▶ STORED DATA:
********

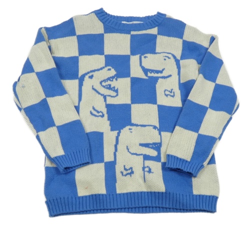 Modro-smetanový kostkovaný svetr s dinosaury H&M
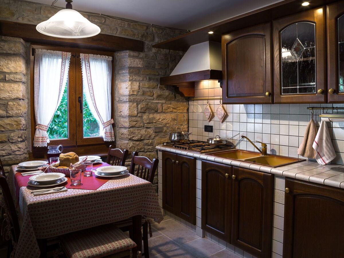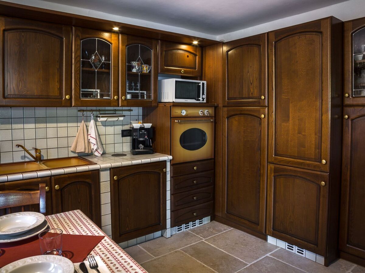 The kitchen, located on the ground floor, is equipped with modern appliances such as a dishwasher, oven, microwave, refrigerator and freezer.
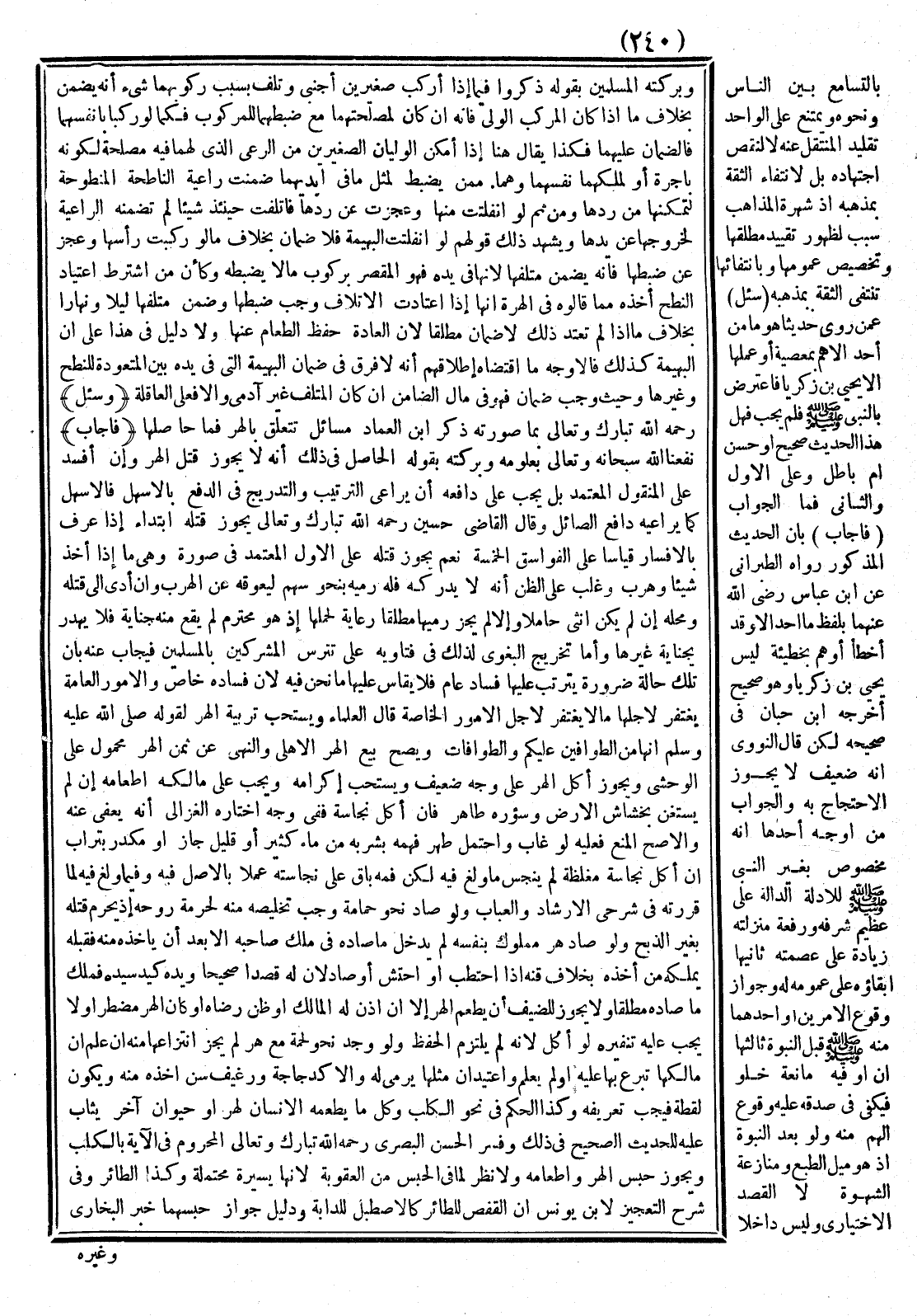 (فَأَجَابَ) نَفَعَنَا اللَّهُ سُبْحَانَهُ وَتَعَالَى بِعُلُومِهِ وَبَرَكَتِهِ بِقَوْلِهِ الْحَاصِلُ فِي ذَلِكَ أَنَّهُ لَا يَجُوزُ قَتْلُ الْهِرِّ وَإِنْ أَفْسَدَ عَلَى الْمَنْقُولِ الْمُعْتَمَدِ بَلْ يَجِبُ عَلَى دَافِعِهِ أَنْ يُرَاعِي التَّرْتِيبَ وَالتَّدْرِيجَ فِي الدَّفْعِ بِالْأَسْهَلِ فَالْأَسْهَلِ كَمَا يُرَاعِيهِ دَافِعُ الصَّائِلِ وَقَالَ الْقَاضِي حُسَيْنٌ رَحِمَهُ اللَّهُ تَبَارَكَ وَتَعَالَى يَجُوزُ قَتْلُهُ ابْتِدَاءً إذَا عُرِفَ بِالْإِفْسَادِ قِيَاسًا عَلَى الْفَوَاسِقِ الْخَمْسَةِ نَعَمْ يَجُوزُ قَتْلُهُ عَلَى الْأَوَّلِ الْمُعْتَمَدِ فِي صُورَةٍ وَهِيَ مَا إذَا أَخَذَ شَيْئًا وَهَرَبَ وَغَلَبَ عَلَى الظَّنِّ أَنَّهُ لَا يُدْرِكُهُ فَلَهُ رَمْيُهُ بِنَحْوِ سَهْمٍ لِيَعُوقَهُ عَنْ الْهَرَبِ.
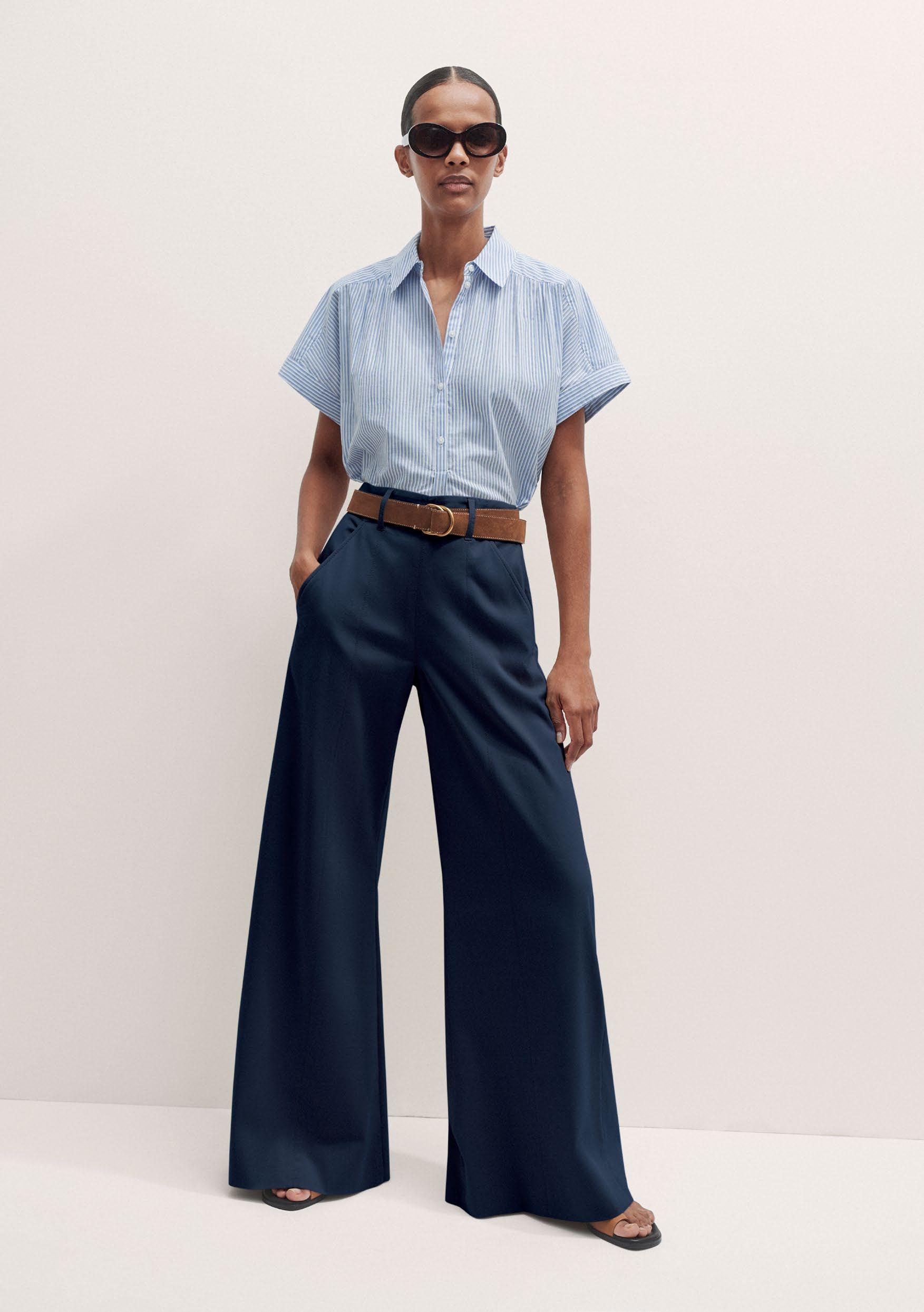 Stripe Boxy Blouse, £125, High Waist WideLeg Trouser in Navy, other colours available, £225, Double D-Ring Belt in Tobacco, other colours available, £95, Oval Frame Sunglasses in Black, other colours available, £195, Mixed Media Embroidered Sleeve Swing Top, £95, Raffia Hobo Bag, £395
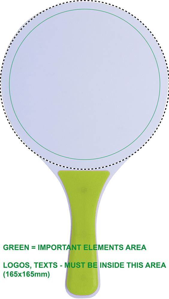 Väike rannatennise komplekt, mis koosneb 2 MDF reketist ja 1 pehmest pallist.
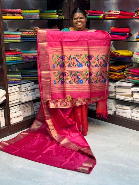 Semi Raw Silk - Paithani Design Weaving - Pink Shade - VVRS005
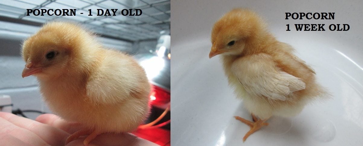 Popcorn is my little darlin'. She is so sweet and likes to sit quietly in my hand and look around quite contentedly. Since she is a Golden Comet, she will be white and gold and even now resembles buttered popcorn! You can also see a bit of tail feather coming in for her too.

********

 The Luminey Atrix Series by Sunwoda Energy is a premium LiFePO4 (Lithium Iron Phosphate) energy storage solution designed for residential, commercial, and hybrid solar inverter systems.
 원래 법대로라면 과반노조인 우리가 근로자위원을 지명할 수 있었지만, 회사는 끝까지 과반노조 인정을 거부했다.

********

▶ PROBLEM REQUIREMENTS: Keep to the lines above from the line with "Modro-smetanový kostkovaný svetr" to the line with "The kitchen, located", and set down exactly those, inclusive, with nothing else and every picture left out.

▶ OUTPUT FOR THIS TASK:
 Modro-smetanový kostkovaný svetr s dinosaury H&M
 The kitchen, located on the ground floor, is equipped with modern appliances such as a dishwasher, oven, microwave, refrigerator and freezer.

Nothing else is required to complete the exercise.